== WORKING DATA ==
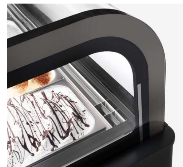
Ripresa dell'aria nascosta Recuperación del aire oculto

En Esedra, el sistema de refrigeración ventilada con doble evaporador, el flujo de aire superior y las tecnologías exclusivas de Ifi , como el sistema HCS, protegen la calidad de sus alimentos, reduciendo el consumo de energía y protegiendo la higiene. HCS (Hi-Performance Closure System) : el sistema con la ayuda de un sensor integrado, detecta el tiempo real que la vitrina está abierta, reduciendo la descongelación al mínimo necesario, con importantes ventajas para la calidad del gelato, la eficiencia energética y la higiene . En la versión HCS PRO (con panel), el aislamiento térmico es aún mejor. En el servicio de Pastelería , el sistema de refrigeración garantiza una humedad ideal del 70%. Esedra Chocolate , equipada con control de humedad, puede convertirse en un servicio de pastelería.
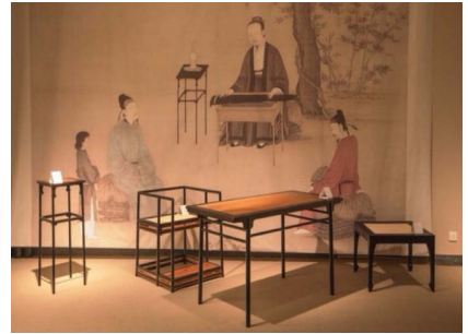
图6 对宋画中家具的复原 Fig.6 Restoration of furniture in Song Dynasty paintings

见了狰狞可畏的饕餮，更多出现了回环往复的雷纹。这一时期的设计观虽仍显神秘，但在神秘当中已经增添了些许浪漫。秦汉时期的家具设计继承了这种神秘浪漫主义的设计观，但在儒家“实践理性主义”思想的影响下，其中又透露出些许轻松的现实色彩和人间趣味。从形式上看，秦汉时期的家具尺度较以往更加宜人，家具装饰逐渐转变为龙、凤、云等更加具象写实的图案；从功能上来看，此时的家具更多地服务于人们的日常生活，原有的用于祭祀神灵的家具或逐渐退出历史舞台（如禁、鼎），或与其他家具一起逐渐人间化了。由此可见，秦汉时期的家具正是构筑了一个“从天上到地下，从历史到现实，从马驰牛走、鸟飞鱼跃到凤舞龙潜、人神杂陈的世界” [15] ，体现出浪漫虚幻而又现实理性的设计观。魏晋南北朝时期长期的动乱促使人们开始对神灵和世人进行反思，进而引发了“人的觉醒”，大唐的开放包容也促使各民族文
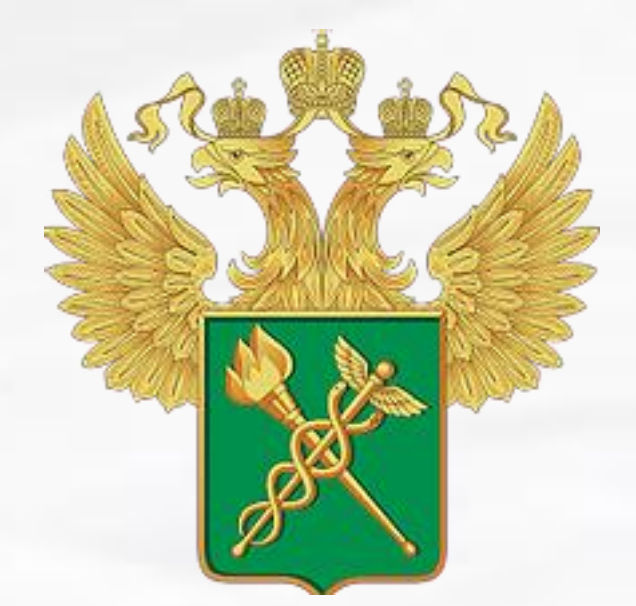
Федеральная таможенная служба Российской Федерации

Горячая линия «Антиконтрафакт» не подменяет, предусмотренные законодательством Российской Федерации, каналы общения органов власти с гражданами и организациями по вопросам противодействия незаконному обороту промышленной продукции.
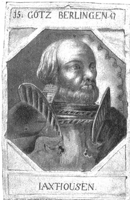
Gemaltes Fenster mit dem Bild Götz von Berlichingens.

Welch heitere Sinnenwelt, welch glückliches Verweilen, Genießen in der sonnigen Gegenwart!
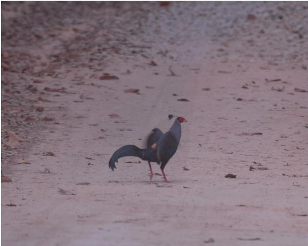
Siamese Fireback
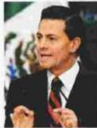
Enrique Peña Nieto

Aunque usted no lo crea hay al menos una similitud entre el presidente Andrés Manuel López Obrador y el expresidente Enrique Peña Nieto . Nos hacen ver que el presidente López Obrador hizo una comparación muy rara de las cifras de seguridad. El mandatario tomó el periodo de 2018, del sexenio de Peña Nieto, para comparar los primeros 100 días de su gobierno en cuanto a homicidios y robo de autos. Resulta que las cifras coinciden, es decir, la incidencia en esos dos delitos fue similar en la actual administración a la del gobierno que tanto ha criticado.
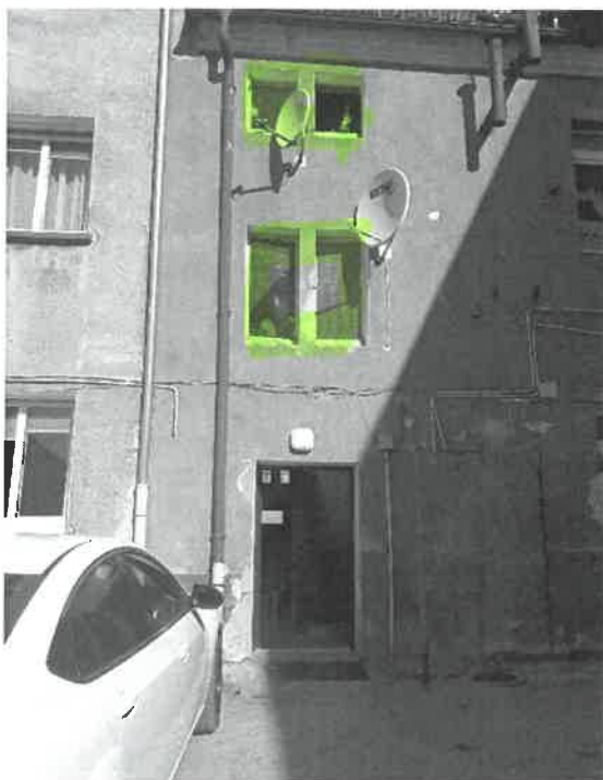
1) budynek główny nr 28
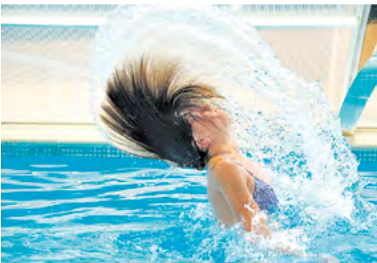
Fotografía de stock. Fuente Pixabay.

Es importante el cumplimiento de las normas tanto por parte del usuario como de la gestora de la piscina pública para evitar los indeseados accidentes que ocurren en estos lugares durante el verano; y así, de esta manera, disfrutar al máximo de unos días de descanso y ocio. ☑
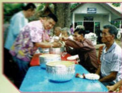
ประเพณีสงกรานต์ รดน้ำดำหัวผู้สูงอายุ
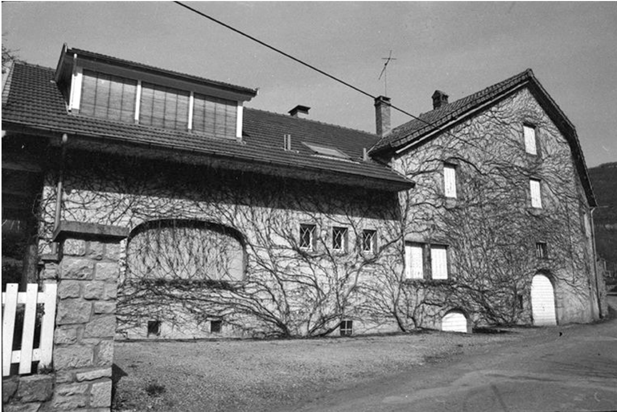
Maison cadastrée 1964 AB 13 : façade antérieure. 39, Blois-sur-Seille
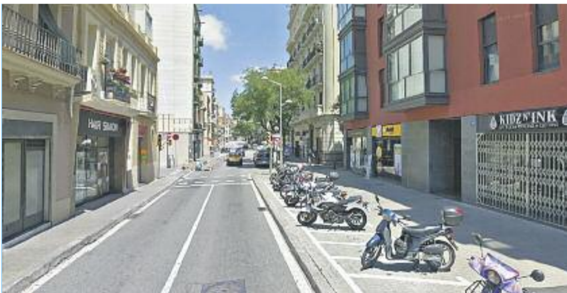
Un aparcament de motos a la Travessera de Gràcia.

TRANSPORT ▶ La Comissió de Seguretat i Mobilitat va rebutjar la setmana passada la proposta del grup municipal d’ICV-EUiA que demanava la retirada del pla d’estacionament de motocicletes del Districte, que suposarà que Gràcia tingui un 17% més d’aparcaments per a aquest tipus de vehicles.
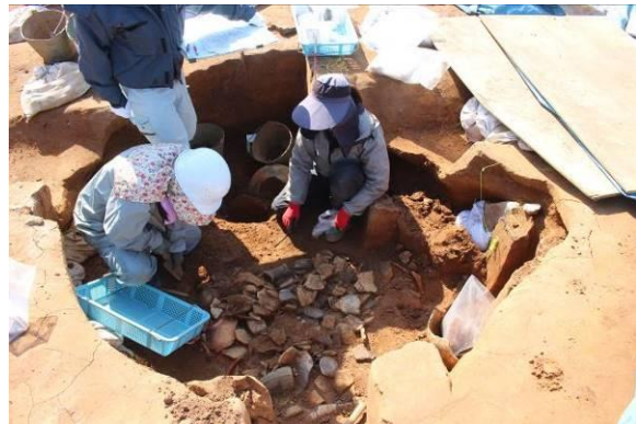
綾羅木郷台地遺跡（木船地区）工事立会
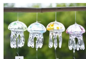
「TAKU GLASS」で販売の 「くらげ風鈴」
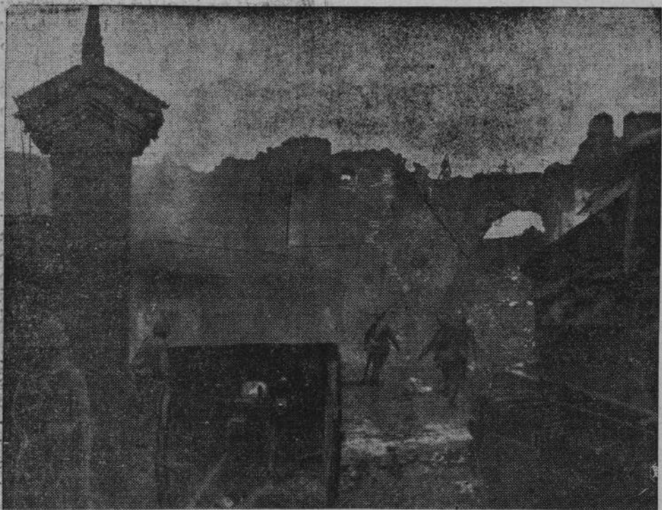
Na zdjęciu — fragment z zajęcia przez wojska japońskie miasta Sinyang w Chinach Środkowych.
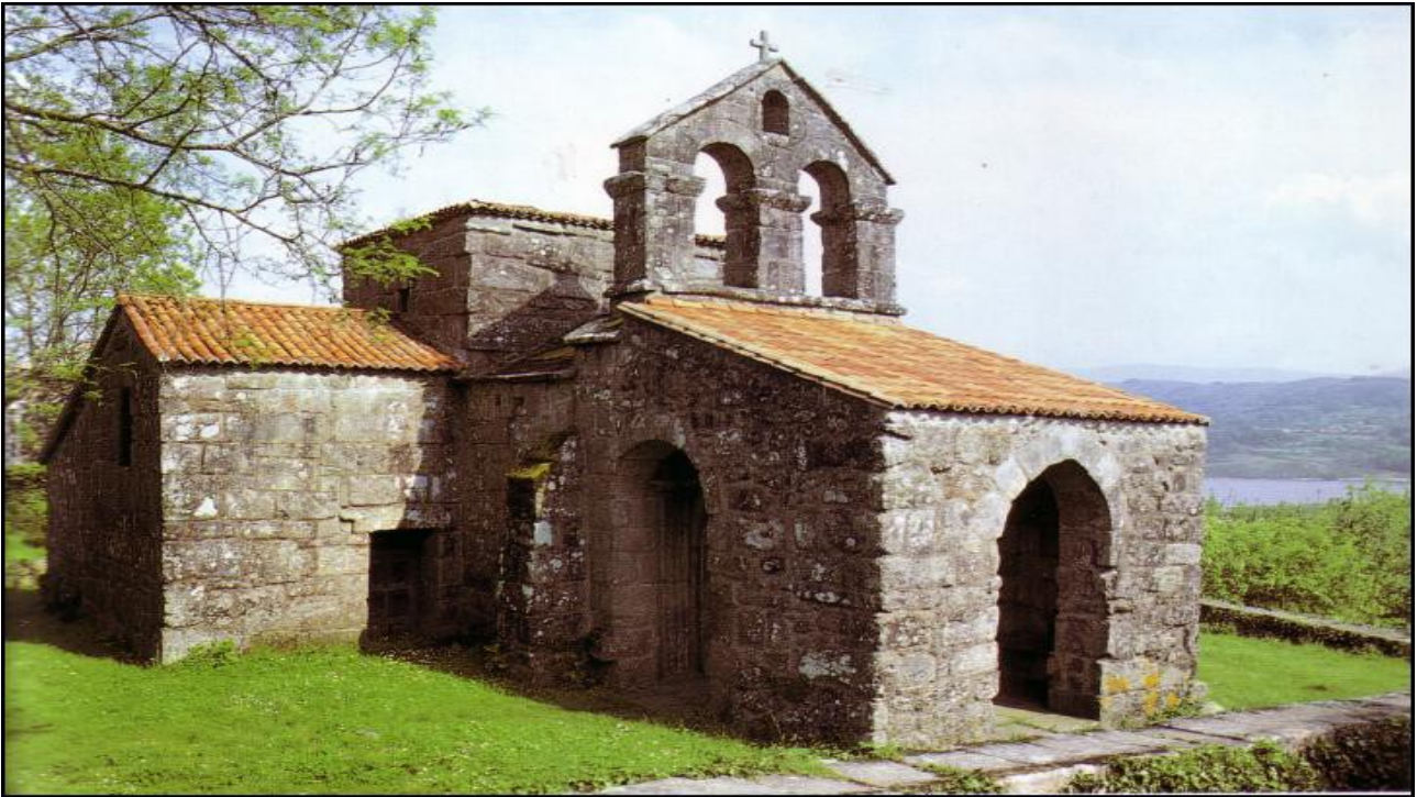
SANTA COMBA DE BANDE.

Prerrománico visigodo, siglo VII. Incorpora algunos elementos asturianos del siglo IX.
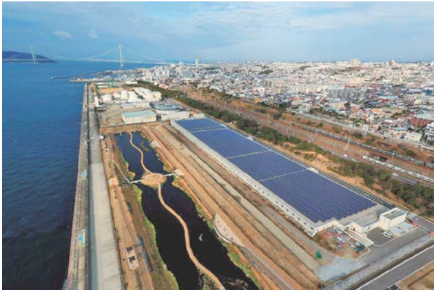
図-5 こうべWエコ発電プロジェクト（太陽光発電）

れら双方の強みを生かすことで、市が直接、発電・売電するよりも事業性を高めている。
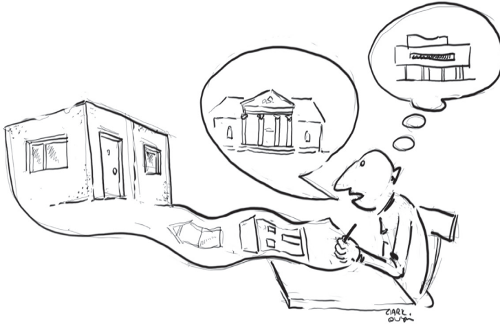
1. „Słowo architekta” (rys. Błażej Ciarkowski)

upadku komunizmu 9 . Słowo architekta wchodzi w empatyczną relację z „obrazem pobitego przodka” – kłopotliwego dziedzictwa architektury PRL-u, poszukując w jego krytycznej analizie wartości poznawczych dla teraźniejszości.
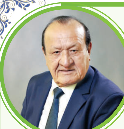
Эркин КОМИЛОВ, Ўзбекистон халқ артисти:

— Ўша пайтдаги спектаклларни қайта қўйиш, классик асарларни йўқотмаслик керак. Аниққисса, буюк сиймоларимиз, тарихий шахсларимиз, жадидлар ҳақидаги спектакллар саҳнадан тушмаслиги лозим. Зеро, бугун жадидлар деганда кимларни тушунасиз, деб савол
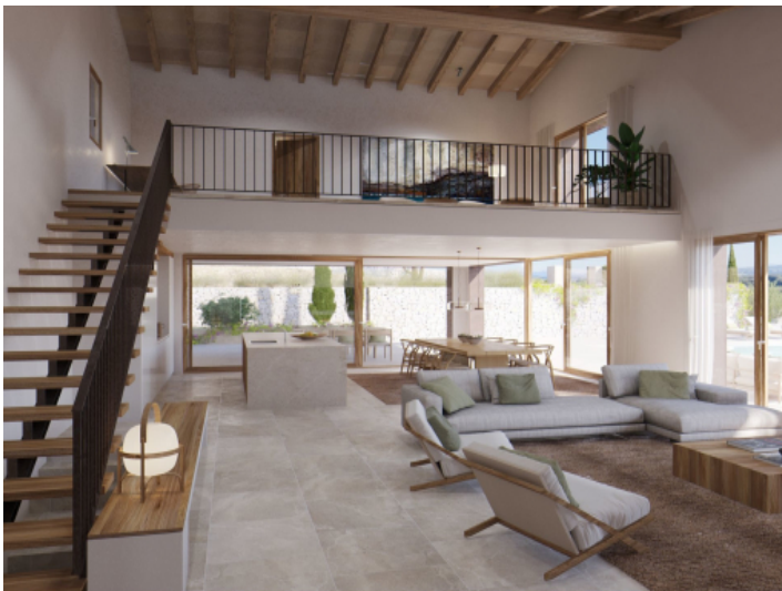
Wohnbereich und Galerie
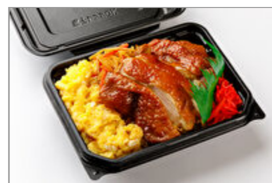
鶏チャーシューの親子丼
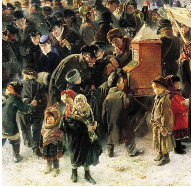
Resim 1. Fuarda Sözel ve Görsel Unsurlar Eşliğinde Reklam Gösterimi
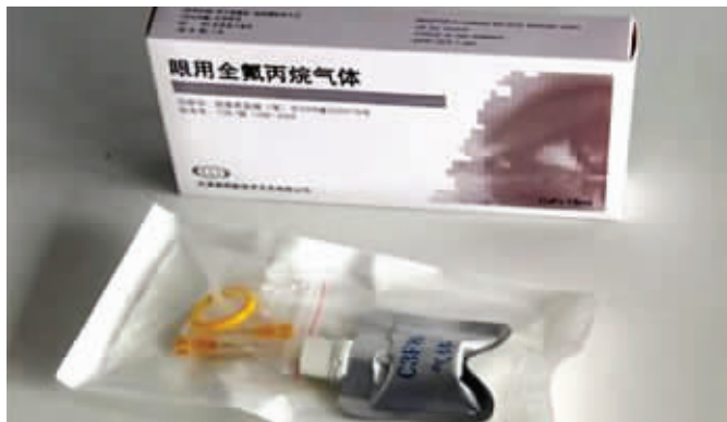
26名患者在南通大学附属医院“打气”用的就是这种气体 资料图片
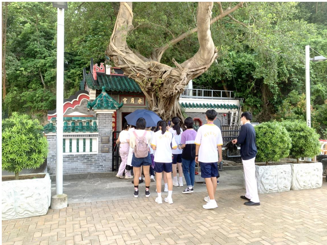
學生參觀鴨脷洲水月宮
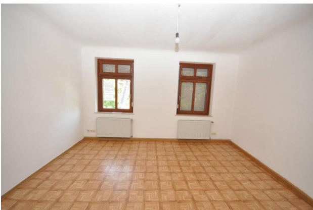
■ Beispiel Raum
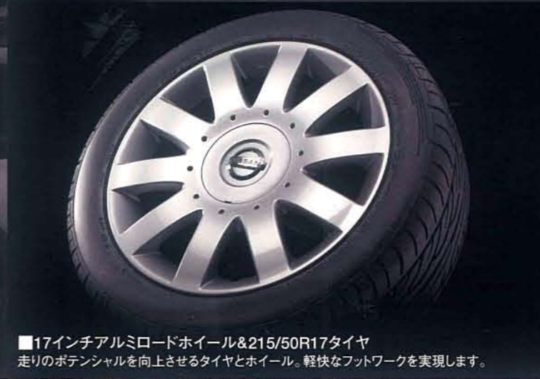
■17インチアルミロードホイール&215/50R17タイヤ 走りのポテンシャルを向上させるタイヤとホイール。軽快なフットワークを実現します。
===
### [BRIEF]
Copy exactly the part of the material above that opens with the line containing "Na zdjęciu —" and closes with the line containing "鶏チャーシューの親子丼", ends included. Drop the images.

### [RESULT BELOW]
Na zdjęciu — fragment z zajęcia przez wojska japońskie miasta Sinyang w Chinach Środkowych.
SANTA COMBA DE BANDE.

Prerrománico visigodo, siglo VII. Incorpora algunos elementos asturianos del siglo IX.
図-5 こうべWエコ発電プロジェクト（太陽光発電）

れら双方の強みを生かすことで、市が直接、発電・売電するよりも事業性を高めている。
1. „Słowo architekta” (rys. Błażej Ciarkowski)

upadku komunizmu 9 . Słowo architekta wchodzi w empatyczną relację z „obrazem pobitego przodka” – kłopotliwego dziedzictwa architektury PRL-u, poszukując w jego krytycznej analizie wartości poznawczych dla teraźniejszości.
Эркин КОМИЛОВ, Ўзбекистон халқ артисти:

— Ўша пайтдаги спектаклларни қайта қўйиш, классик асарларни йўқотмаслик керак. Аниққисса, буюк сиймоларимиз, тарихий шахсларимиз, жадидлар ҳақидаги спектакллар саҳнадан тушмаслиги лозим. Зеро, бугун жадидлар деганда кимларни тушунасиз, деб савол
Wohnbereich und Galerie
鶏チャーシューの親子丼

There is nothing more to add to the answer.